3 Production projects
This chapter will introduce you to our recommend practices for organising your production-bound projects. This advice helps you organise your own projects, but is particularly important when you’re collaborating with others. Our advice is fairly prescriptive because we want you to spend your time doing data science, not fretting about how to organise your project. It’s also much easier to collaborate with others if everyone shares the same project layout. But the most important thing is to be consistent, and you can’t be consistent unless you’ve documented what you do. So if you want to deviate from what we describe here, make sure to write it down!
In this chapter, you’ll learn about three important principles:
- A project is a self-contained directory: every file a project needs lives in that directory, and every file that project creates goes in that directory.
- There’s a single source of truth: you’ll inevitably end up with multiple copies of your project and you need to decide which one is “real”. We recommend using git, and making the copy of your project that lives in a central git repo the truth.
- Deployment is automated: deploying your code to production should involve minimal manual steps. We recommend you build a workflow so that as soon as your code is merged into the main branch, it gets deployed to your production server.
3.1 A project is a directory
The first, and most important, organisational principle is the each project you work is defined by a self-contained directory. This directory includes all the files needed to run the project and all files created by the project; i.e. your code should not read or write any files outside of the project directory. This principle is the foundation to making your code work when it’s run on another machine (either your colleagues or in production).
3.1.0.1 Paths and working directories
When you deploy your project to production or share your project with other people, it’s not going to live in the same location. That means absolute paths won’t work and you should always use a project-relative paths. The safest way to generate a project-relative path is to use here::here()

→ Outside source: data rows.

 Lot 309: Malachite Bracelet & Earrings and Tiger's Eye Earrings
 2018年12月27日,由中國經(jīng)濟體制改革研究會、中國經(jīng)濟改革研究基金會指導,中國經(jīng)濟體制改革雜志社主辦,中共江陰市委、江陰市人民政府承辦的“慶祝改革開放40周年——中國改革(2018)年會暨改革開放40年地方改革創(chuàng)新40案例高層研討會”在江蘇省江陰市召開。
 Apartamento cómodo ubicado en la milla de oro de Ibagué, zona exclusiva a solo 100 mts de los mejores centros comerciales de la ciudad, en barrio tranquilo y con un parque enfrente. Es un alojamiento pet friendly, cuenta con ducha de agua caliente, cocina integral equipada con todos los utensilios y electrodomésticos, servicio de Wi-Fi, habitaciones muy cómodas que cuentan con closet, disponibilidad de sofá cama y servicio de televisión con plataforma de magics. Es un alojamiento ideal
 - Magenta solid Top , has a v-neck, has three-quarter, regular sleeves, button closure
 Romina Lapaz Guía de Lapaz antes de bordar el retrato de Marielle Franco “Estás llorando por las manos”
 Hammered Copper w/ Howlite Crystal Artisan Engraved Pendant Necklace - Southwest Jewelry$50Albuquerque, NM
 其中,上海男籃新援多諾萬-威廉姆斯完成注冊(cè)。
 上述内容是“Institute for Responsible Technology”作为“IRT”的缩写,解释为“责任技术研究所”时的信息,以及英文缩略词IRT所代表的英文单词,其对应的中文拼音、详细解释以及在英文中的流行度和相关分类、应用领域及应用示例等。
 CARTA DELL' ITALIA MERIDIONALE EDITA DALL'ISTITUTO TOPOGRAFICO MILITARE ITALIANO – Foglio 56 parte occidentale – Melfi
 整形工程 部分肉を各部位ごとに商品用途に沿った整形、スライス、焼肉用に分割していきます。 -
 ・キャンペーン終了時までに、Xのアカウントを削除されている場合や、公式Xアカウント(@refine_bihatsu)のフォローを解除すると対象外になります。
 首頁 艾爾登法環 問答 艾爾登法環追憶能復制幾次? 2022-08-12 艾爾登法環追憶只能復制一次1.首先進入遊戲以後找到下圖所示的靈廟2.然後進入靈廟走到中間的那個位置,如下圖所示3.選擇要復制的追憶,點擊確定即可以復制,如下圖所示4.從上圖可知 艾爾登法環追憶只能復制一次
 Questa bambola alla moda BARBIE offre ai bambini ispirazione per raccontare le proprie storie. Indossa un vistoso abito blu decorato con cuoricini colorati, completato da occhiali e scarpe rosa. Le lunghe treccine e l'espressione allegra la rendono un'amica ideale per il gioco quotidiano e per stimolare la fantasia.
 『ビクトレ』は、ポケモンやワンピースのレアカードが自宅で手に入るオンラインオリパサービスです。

which will always create a path relative to the root of current project. In other words, regardless of where or how you call here::here("data/foo.csv")
it will always point to a the foo.csv
file that lives in the data directory at the top-level of the project.
You can also use relative paths1, but it’s important to note that these are a relative to the working directory, and the working directory varies based on how your R code is run. For shiny apps, plumber APIs, and quarto/RMarkdown docs, the working directory will be the directory the file lives in. For R scripts, the working directory will be the project root2 .
3.1.1 Files and subdirectories
Our advice on project structure is still evolving. But where possible we recommend that you follow the same conventions as R packages. We don’t believe that data analysis projects need to be a package, but where the two overlap, you get a number of tools for free. For example this means:
To add some overall documentation about your project, include a
README.md
(possibly generated from aREADME.qmd
)When you start writing functions that you reuse in multiple places in your analysis, you should put those functions in files that live in
R/
.When your functions get important enough and complicated enough that you need to test them, your tests should live in
tests/testthat/
.
Don’t worry if you’ve never created an R package before as we’ll cover these conventions in more detail as we work through this book.
In terms of naming individual files, We recommend that you follow the advice in the tidyverse style guide.
3.1.2 Dependencies
A literal reading of the rule to only read and write inside your project directory implies that you can’t use packages! That’s because the default configuration of R stores packages in one or two central locations. So whenever you call library()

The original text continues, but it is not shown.